Records excerpted from a collection:
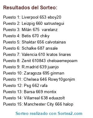 Lista de participantes: Schalke 687 ansale, Milán 675 varelanz, Shaktar 656 calvotainas, Barsa 669 montix, Betis 670 chiky, Zenit 610843 cheloaemepoam, Villarreal 638 eduazolt, Psg 662 rafa, Manchester City 666 halop, Valencia 610 kratos linares, Liverpool 653 eboy20, Chelsea 646 Rowy10gonjim, Leizpig 660 satrustegui, Zaragoza 695 ginman, R.madrid 639 juanjo.
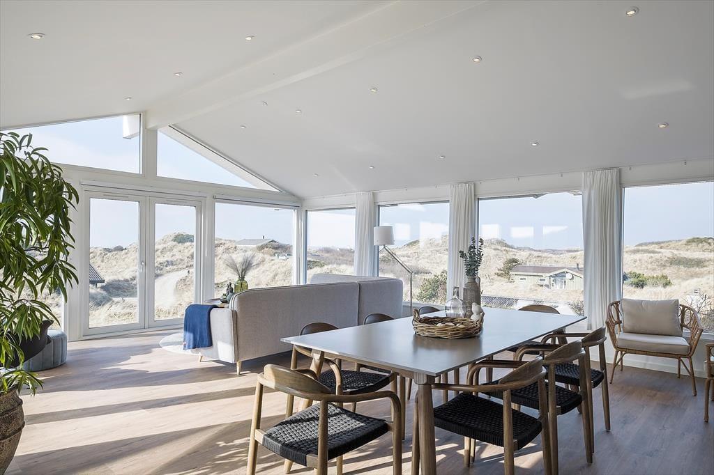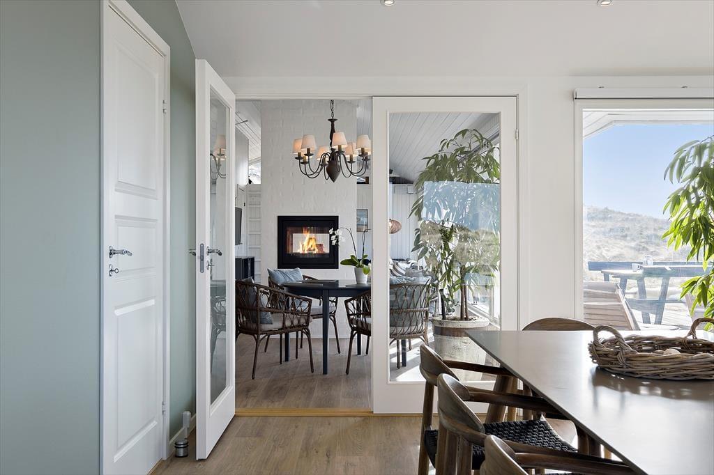 Hvis wellnessafdelingen ikke giver jer øjeblikkelig lyst til at holde ferie her i huset, kan de øvrige rum sikkert overbevise jer. Det 148 m2 store sommerhus er totalrenoveret i 2022, og moderniseringen har været så vellykket, at de lyse rum balancerer perfekt mellem klassisk charme og stilfuld komfort – lidt a la et badehotel, bortset fra, at I har hele huset for jer selv. Mens de fire soveværelser har en klassisk indretning, er det åbne køkken topmoderne og veludstyret, så I har glimrende arbejdsforhold, når der skal laves mad. Foruden wellnessafdelingen byder planløsningen på endnu et badeværelse, og endelig er der husets to opholdsrum: Det førnævnte køkken ligger i åben forbindelse med en pejsestue, og ved siden af ligger endnu en opholdsstue, hvorfra udsigten er nærmest endnu mere betagende.
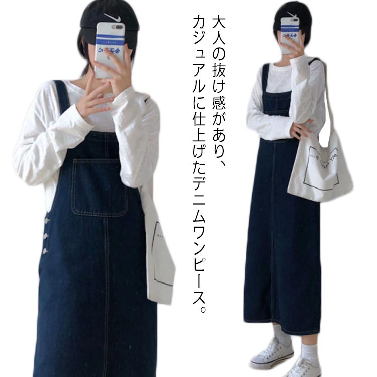 ナチュラル ロングワンピ ジャンスカー ロングワンピ デニムワンピレディースファッション オールインワン サロペット
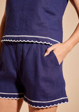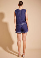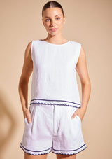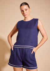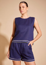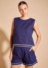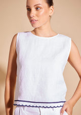 The Odette Top from Alessandra features a sleeveless design with a crew neckline, exposed gold back zip opening and scalloped hemline with contrast coloured trim detail. This slightly cropped top is crafted from 100% Linen; a non-stretch fabrication that is breathable and ideal for everyday wear.
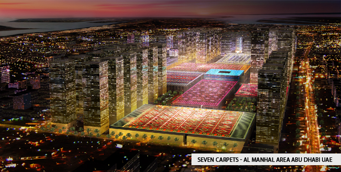 Project Description: The project involves a big area in the center of Abu Dhabi (6,620,940 sq. ft, approximately 61.51 hectares) that is currently used for various purposes. The program involved a feasibility study to examine the best use of the area, considering its central location and its potential transformation. The various facilities are located in uniform functional areas centered around the large volume of the covered plaza, which is the entrance to the urban system. In turn, these areas are arranged around broad open spaces whose outlines are characterized by this fragmented layout. This complex of solids and voids is covered by a reticulated structure with a geometric design that evokes the patterns of Oriental rugs, generating a block characterized by seven carpets. Thus, the block effectively becomes a large room within the urban structure of Abu Dhabi.
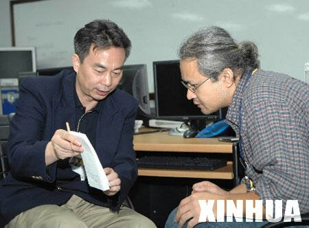 Peng Shujie (L), deputy editor-in-chief of Xinhua News Agency, who is also director of Xinhua reporting squad for the 24th Universiade, is interviewed by a TV media of Thailand at the main press center (MPC) of the 24th Universiade in Bangkok, Thailand, Aug. 4, 2007. The Chinese media arrived in Bangkok in force on Friday night, Aug. 3, 2007. (Xinhua Photo/Wu Wei)
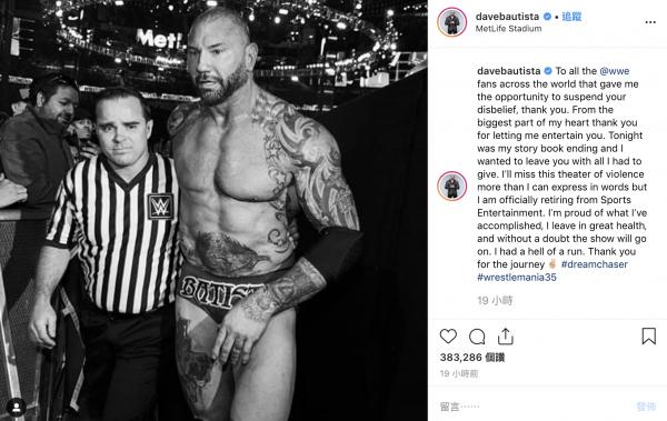 曾經力挺迪士尼開除的《星際異攻隊》(Guardians of the Galaxy)編劇兼導演詹姆斯岡恩(James Gunn)、「毀滅者德克斯」50 歲的摔角選手巴帝斯塔(Batista),今天正式在 IG 宣布正式退休,並感謝一直以來給予支持的 WWE 粉絲們,也宣告他將專心發展演藝事業,朝向專業演員之路發展,粉絲們紛紛給予祝福、不捨這位 WWE 超級巨星離開擂台。
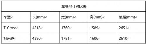 與堂兄弟柯米克的尺寸數(shù)據(jù)(長(zhǎng)寬高分別為4390/1781/1593mm,軸距達(dá)到2610mm)相比,T-Cross長(zhǎng)寬高尺寸上稍顯遜色,乘坐及儲(chǔ)物空間方面表現(xiàn)上不相仲伯,都能充分滿(mǎn)足日常家用需求。
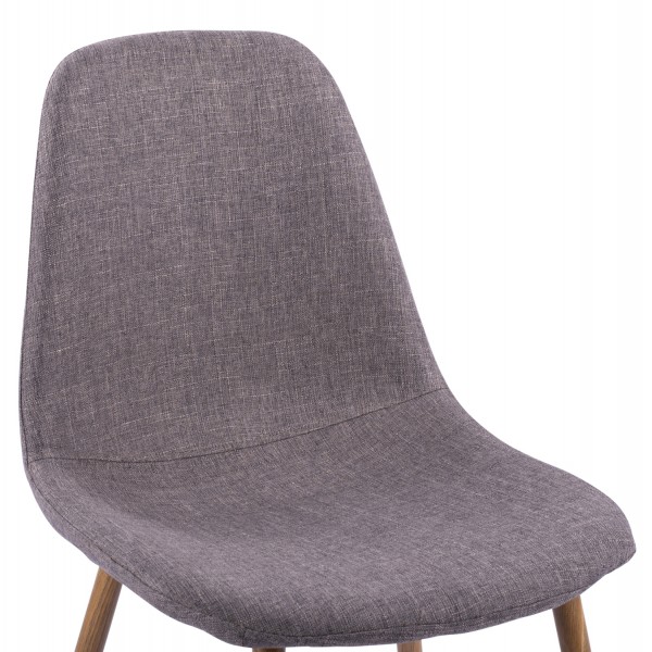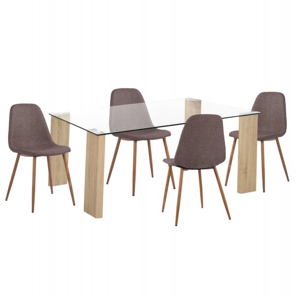 Ένα ορθογώνιο τραπέζι με πόδια από MDF σε SONAMA χρώμα και γυάλινη επιφάνεια, και 4 καρέκλες με πόδια μεταλλικά με όψη ξύλου και κάθισμα με επένδυση από καφετί ύφασμα.
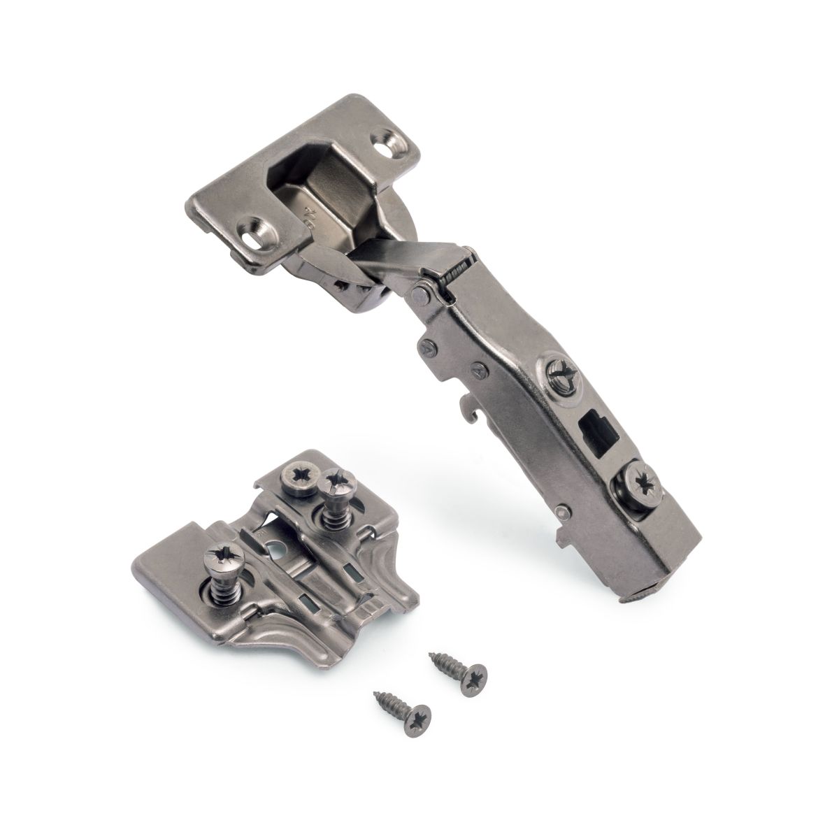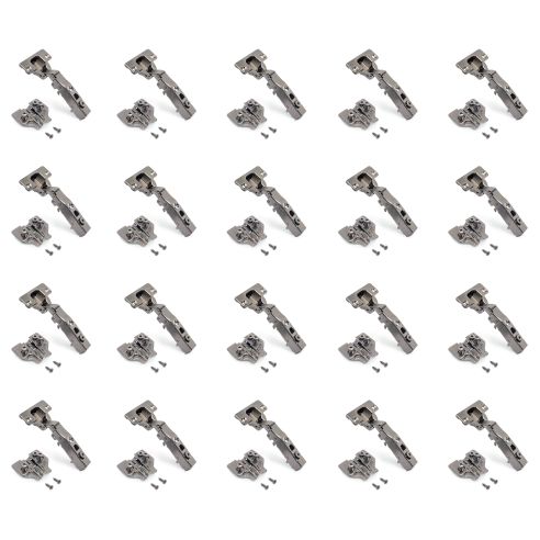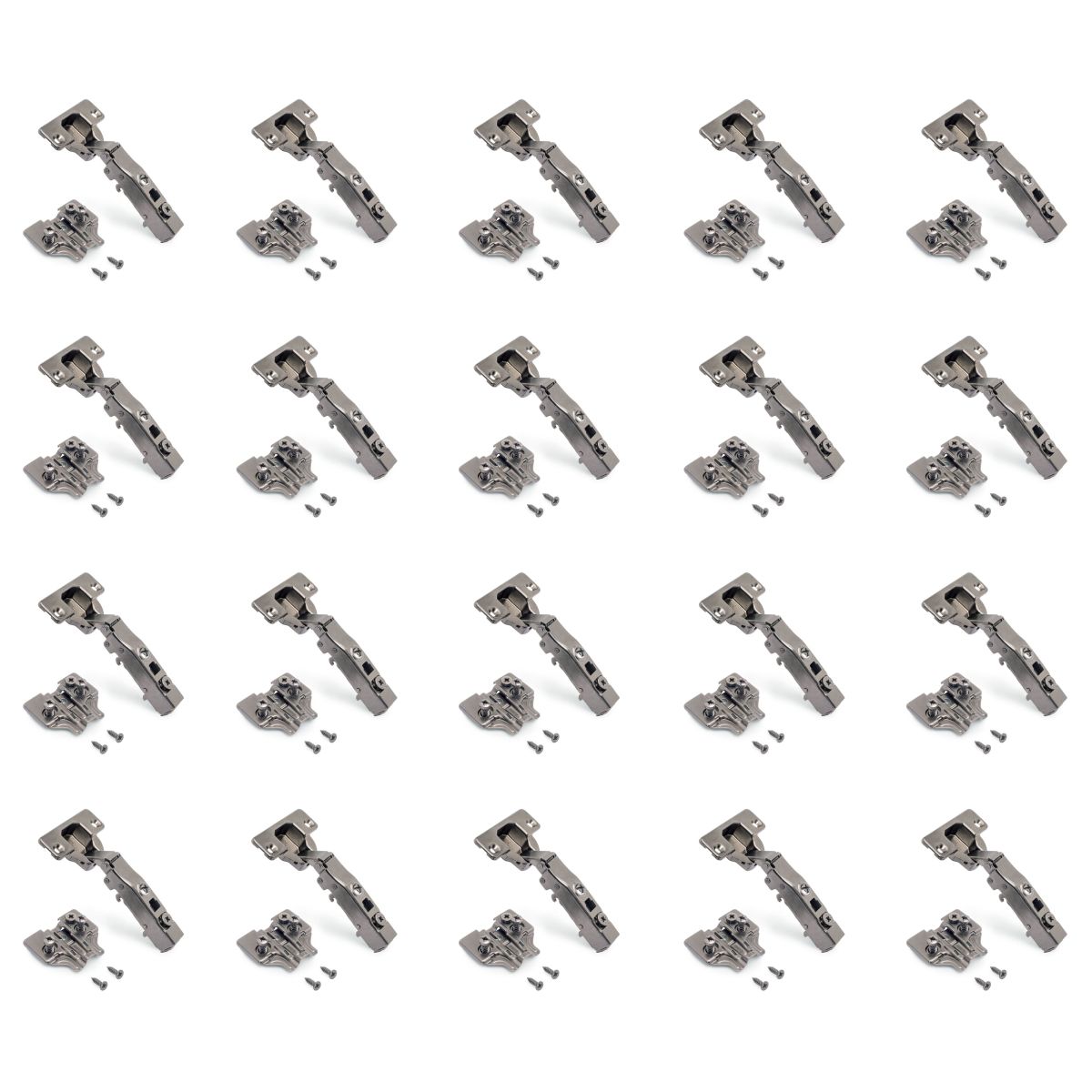 Emuca Lotto di 20 cerniere collo dritto X91 con chiusura soft e Basetta Euro, altezza 0, Acciaio, Titanio

→ WHAT YOU ARE ASKED TO DO:
The data should be printed again unchanged; leave its pictures out.

→ YOUR RESPONSE:
 Lista de participantes: Schalke 687 ansale, Milán 675 varelanz, Shaktar 656 calvotainas, Barsa 669 montix, Betis 670 chiky, Zenit 610843 cheloaemepoam, Villarreal 638 eduazolt, Psg 662 rafa, Manchester City 666 halop, Valencia 610 kratos linares, Liverpool 653 eboy20, Chelsea 646 Rowy10gonjim, Leizpig 660 satrustegui, Zaragoza 695 ginman, R.madrid 639 juanjo.
 Hvis wellnessafdelingen ikke giver jer øjeblikkelig lyst til at holde ferie her i huset, kan de øvrige rum sikkert overbevise jer. Det 148 m2 store sommerhus er totalrenoveret i 2022, og moderniseringen har været så vellykket, at de lyse rum balancerer perfekt mellem klassisk charme og stilfuld komfort – lidt a la et badehotel, bortset fra, at I har hele huset for jer selv. Mens de fire soveværelser har en klassisk indretning, er det åbne køkken topmoderne og veludstyret, så I har glimrende arbejdsforhold, når der skal laves mad. Foruden wellnessafdelingen byder planløsningen på endnu et badeværelse, og endelig er der husets to opholdsrum: Det førnævnte køkken ligger i åben forbindelse med en pejsestue, og ved siden af ligger endnu en opholdsstue, hvorfra udsigten er nærmest endnu mere betagende.
 ナチュラル ロングワンピ ジャンスカー ロングワンピ デニムワンピレディースファッション オールインワン サロペット
 The Odette Top from Alessandra features a sleeveless design with a crew neckline, exposed gold back zip opening and scalloped hemline with contrast coloured trim detail. This slightly cropped top is crafted from 100% Linen; a non-stretch fabrication that is breathable and ideal for everyday wear.
 Project Description: The project involves a big area in the center of Abu Dhabi (6,620,940 sq. ft, approximately 61.51 hectares) that is currently used for various purposes. The program involved a feasibility study to examine the best use of the area, considering its central location and its potential transformation. The various facilities are located in uniform functional areas centered around the large volume of the covered plaza, which is the entrance to the urban system. In turn, these areas are arranged around broad open spaces whose outlines are characterized by this fragmented layout. This complex of solids and voids is covered by a reticulated structure with a geometric design that evokes the patterns of Oriental rugs, generating a block characterized by seven carpets. Thus, the block effectively becomes a large room within the urban structure of Abu Dhabi.
 Peng Shujie (L), deputy editor-in-chief of Xinhua News Agency, who is also director of Xinhua reporting squad for the 24th Universiade, is interviewed by a TV media of Thailand at the main press center (MPC) of the 24th Universiade in Bangkok, Thailand, Aug. 4, 2007. The Chinese media arrived in Bangkok in force on Friday night, Aug. 3, 2007. (Xinhua Photo/Wu Wei)
 曾經力挺迪士尼開除的《星際異攻隊》(Guardians of the Galaxy)編劇兼導演詹姆斯岡恩(James Gunn)、「毀滅者德克斯」50 歲的摔角選手巴帝斯塔(Batista),今天正式在 IG 宣布正式退休,並感謝一直以來給予支持的 WWE 粉絲們,也宣告他將專心發展演藝事業,朝向專業演員之路發展,粉絲們紛紛給予祝福、不捨這位 WWE 超級巨星離開擂台。
 與堂兄弟柯米克的尺寸數(shù)據(jù)(長(zhǎng)寬高分別為4390/1781/1593mm,軸距達(dá)到2610mm)相比,T-Cross長(zhǎng)寬高尺寸上稍顯遜色,乘坐及儲(chǔ)物空間方面表現(xiàn)上不相仲伯,都能充分滿(mǎn)足日常家用需求。
 Ένα ορθογώνιο τραπέζι με πόδια από MDF σε SONAMA χρώμα και γυάλινη επιφάνεια, και 4 καρέκλες με πόδια μεταλλικά με όψη ξύλου και κάθισμα με επένδυση από καφετί ύφασμα.
 Emuca Lotto di 20 cerniere collo dritto X91 con chiusura soft e Basetta Euro, altezza 0, Acciaio, Titanio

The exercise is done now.